STATEMENT BY H.E. MR. FERİDUN SİNİRLİOĞLU,MINISTER OF FOREIGN AFFAIRS OF THE REPUBLIC OF TURKEY AT THE UN SECURITY COUNCIL OPEN DEBATE ON “SETTLEMENT OF CONFLICTS IN THE MIDDLE EAST AND NORTH AFRICA AND COUNTERING THE TERRORIST THREAT IN THE REGION”
H.E. Feridun Sinirlioğlu 30.09.2015
For centuries, the peoples of the Middle East and North Africa lived together in peace and harmony, regardless of race, religion, language, sect or ethnicity.
They did so and flourished, politically, economically, socially and intellectually, always with a sense of shared destiny, all the while embracing their differences as a perpetual source of wealth and not weakness.
Today’s reality differs dramatically from that history and the region is confronted with many complex challenges.
Sectarian and divisive policies, brutal oppression of legitimate demands for democracy, unresolved conflicts resulting in mass displacements, coupled with feelings of resentment due to growing discrimination and xenophobia in other parts of the world, have combined to create a breeding ground for violent extremism and terrorism.
We should be clear on two points:
First, terrorism and extremism are not a Middle Eastern/North African phenomenon. Terrorism cannot and should not be associated with any religion, nationality or ethnic group.
Second, no region in the world is immune to violence today. Terrorism is a global and transnational phenomenon, which needs to be addressed through effective bilateral and multilateral cooperation.
That being said, terrorist groups such as DEASH cannot be defeated without addressing the root causes that created it. DEASH is an overriding national security threat for Turkey, together with other terrorist organizations like the PKK and DHKP-C which operate in the same environment.
Since its creation, while many other partners struggled to understand the threat, Turkish authorities spared no effort to counter DEASH.
Currently, we have been carrying out joint air operations against DEASH targets, as part of the International Coalition, which brings together more than 60 countries.
While fighting DEASH, we should harbor no illusions about the conditions that led to its rise.
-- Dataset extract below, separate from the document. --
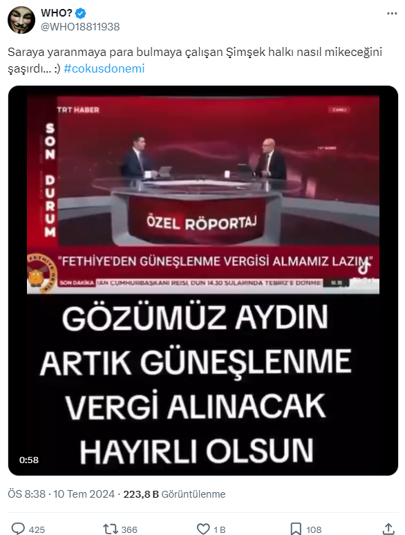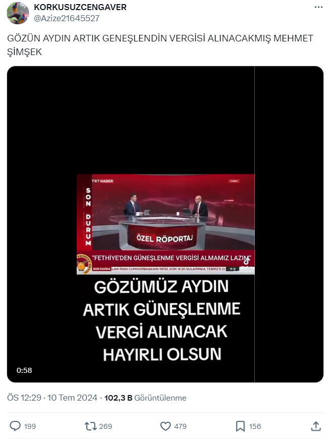 Hesabın yüklediği videonun başında Demokrat Parti Genel Başkan Yardımcısı Cemal Enginyurt’un 9 Haziran 2024’te sosyal medya hesabından yaptığı ve Mehmet Şimşek’e “Güneş bugün çok güzel. Vergi almayı düşünüyor musun?” diye seslendiği görüntü de eklenmiş.

DEASH did not suddenly, spontaneously appear out of nowhere and spread like a cancer, on its own. It was aided and abetted by the politically defunct, totalitarian Assad regime that, in its desperate drive to retain power at all cost, deployed any means available to it, including chemical weapons and barrel bombs, to kill, maim, oppress and otherwise terrorize its own people into submission.
The suppression of the democratic aspirations of the Syrian people, divisive sectarian policies and the war crimes and massive violations of human rights that were committed without impunity by the Assad regime have combined to create fertile ground for radicalization, extremism and the recruitment of foreign terrorist fighters by DEASH. In fact, it was through the tactical cooperation and operational air support by the terrorist Assad regime that enabled DEASH’s rapid expansion in Syria.
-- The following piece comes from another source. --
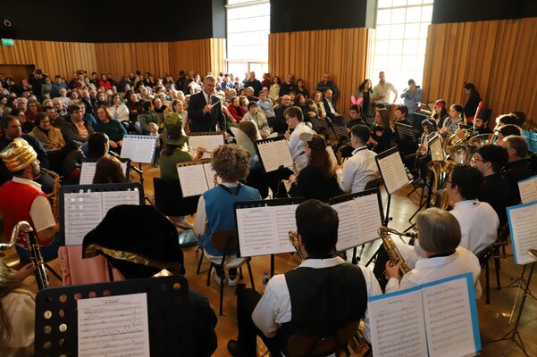A atuação da Filarmónica teve a participação da Sociedade Filarmónica Recreativa Pataiense (Pataias) e de alunos externos às duas bandas, provenientes de Porto de Mós, Guia e Maceira, devido à realização do estágio de banda que tem ocorrido ao longo do mês de novembro. Juntaram-se, também, os alunos das classes infantis de ambos os grupos, proporcionando um concerto com cerca de 70 elementos, trajados de acordo com muitos dos personagens da Disney.
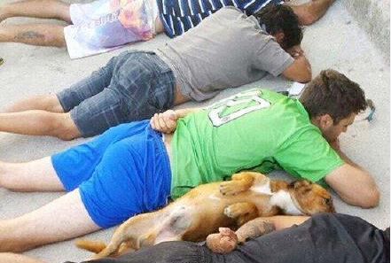 巴西警方最近搗毀了一個毒販老巢。警察剛破門的時(shí)候毒販家的看門狗還對著警察狂叫,后來發(fā)現(xiàn)它的主人被警察制服了以后,居然也跟著主人一樣自覺躺在地上一動不動了……

The reprehensible methods and actions of DEASH should not confuse us about what we should prioritize as we move forward. The international community and the UNSC need to address the root cause of the problem in Syria, through resolute action.
Here are the main parameters of a comprehensive strategy for a way forward.
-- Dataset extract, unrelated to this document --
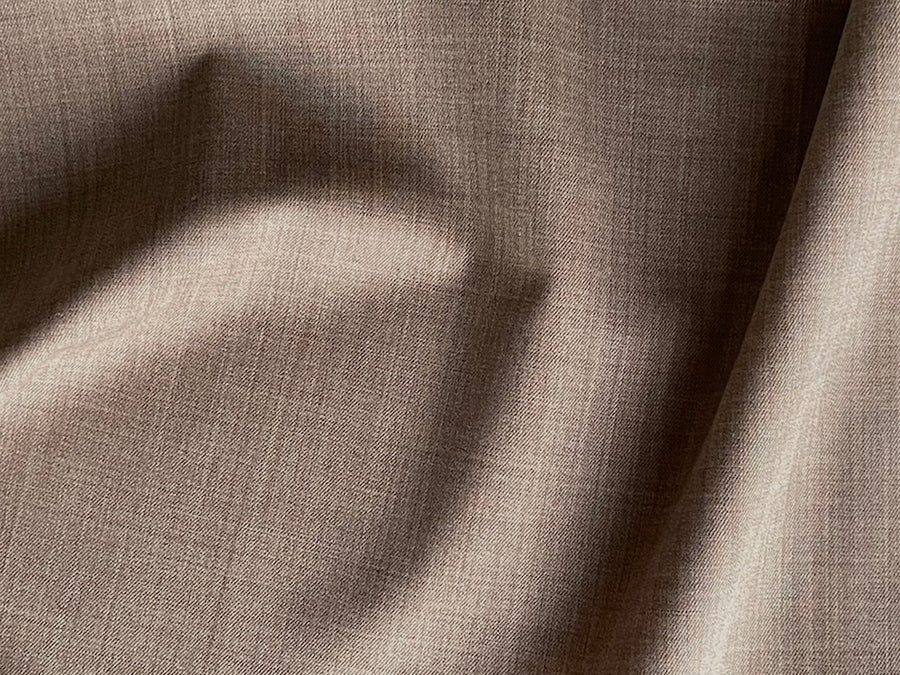 A lighter-weight, Super 130s stretch wool twill in heathered tawny mushroom - with a touch of lycra, this high-end wool is perfect for jackets, blazers, skirts, tunics, and slacks. Wool and lycra blend. 60" wide.

First we must do all we can to downgrade and defeat terrorist organizations like DEASH, PKK DHKPC and their kind. There can be no room for moral relativism in the fight against terror.
Second, we need to create safe areas in Syria that is cleared from DEASH; where protection will be provided to civilian population against attacks from the air. Such zones, if implemented with determination can keep Syrians in Syria, lead to a voluntary return of refugees and encourage people to believe again in a stable future of their country.
Third, we should all work for a solution to the conflict that meets the legitimate demands and aspirations of the Syrian people, and ensures a managed and orderly transition to a real political change.
The political process we should vitalize would lead to a united, democratic, secular, non-sectarian, multicultural Syria, without Assad.
An outcome based on these principles will be the best guarantee to reverse the tide of extremism and eradicate once and for all the terrorist threat that Syria has become home to.
In Iraq, the government needs to be supported with the challenges it faces. And the Iraqi Government must effectively embrace all segments of society.
In Libya, national reconciliation and the formation of a national unity government would be the most effective response to terrorism and all other scourges.
We cannot ignore the plight of the Palestinians who are living under occupation. We need to keep in mind that the historical injustice against the Palestinian people is fuelling hatred, alienation and radicalism, across the region.
It is time for a resolution of the Israeli-Palestinian conflict based on two-state vision without further delay.
Despite all challenges, we are confident that the proud peoples of the Middle East and North Africa will succeed in their efforts to revitalize their deep-rooted culture of tolerance and peaceful coexistence.